Understandably, Josh was growing nervous and impatient about when the conversion would be complete. I began sending daily status emails to the whole company, describing the progress so far, the problems I’d encountered, and an estimated time when it would be finished and Grooveshark would be fully back online. Most of these emails concluded with the promise that “File/Song will be done tomorrow,” which quickly became a painful joke.
Finally, the script finished. Relieved and excited, I ran some queries by hand to sanity-check the quality of the data. Most things were correct, but I soon found that there were thousands, possibly tens of thousands of missing or wrong database records. I ran more queries and found more problems. My first thought was that I’d have to try it all over again, but the process took days to complete and Grooveshark Lite was scheduled to release in less time than I’d need to spend debugging it, not to mention the thought of having to keep the site in read-only mode for several more days, slowing our growth when we needed it the most.
I couldn’t panic. I had to fix the problem and fast. Thankfully, it was the weekend and the office was empty so I had nothing to distract me. I sat at my desk and wrote scores of SQL queries to identify and repair the data. I don’t remember how long I was awake working, but it was a long time. At one point I took a break and sat on one of the big, ugly, orange couches that we had in the middle of the office. Located on an ottoman was The Dictionary of Dreams and Their Meanings. I was exhausted and all I wanted to do was sleep. I snapped a picture with my iPhone, uploaded it to Flickr, and captioned it “Irony.”
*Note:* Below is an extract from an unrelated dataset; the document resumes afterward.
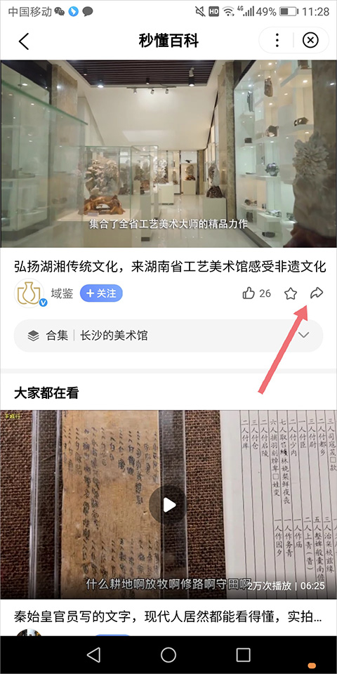 1、首先进入百度百科app的秒懂视频,选择一个视频点击进去,在视频播放页面的底部右侧有个分享小图标(下图红色箭头所指区域),用户点击这个小图标

Finally, after a weekend of around-the-clock work, I fixed all of the data in the new File/Song database. I never discovered what had gone wrong but I fixed it anyway. Everything checked out, the crisis was averted, and just in the nick of time. The next day, we deployed the new version of Grooveshark which had been rewritten to work with the new database, and I went home to sleep. A few days later, on April 15, 2008, we released Grooveshark Lite.
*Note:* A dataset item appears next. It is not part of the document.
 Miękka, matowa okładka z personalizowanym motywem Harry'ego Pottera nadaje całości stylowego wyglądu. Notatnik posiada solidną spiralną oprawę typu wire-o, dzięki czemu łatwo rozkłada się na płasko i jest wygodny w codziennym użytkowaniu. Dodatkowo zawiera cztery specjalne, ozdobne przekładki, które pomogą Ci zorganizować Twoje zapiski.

Some time later, Josh had t-shirts printed to commemorate the completion of File/Song and the launch of Grooveshark Lite. The Grooveshark Lite shirt read “I Survived the Launch of Grooveshark Lite” and on the File/Song shirt was printed “File/Song will be done Tomorrow.” It was a good-natured jab.
Ultimately, the File/Song database was a success, as it organized all of our data in a way that allowed us to release all of the features that we would build as time went on, but it didn’t solve all of our metadata problems. These would continue to plague Grooveshark for the remainder of its existence and we would attempt various strategies, to various degrees of success, over the years to correct it.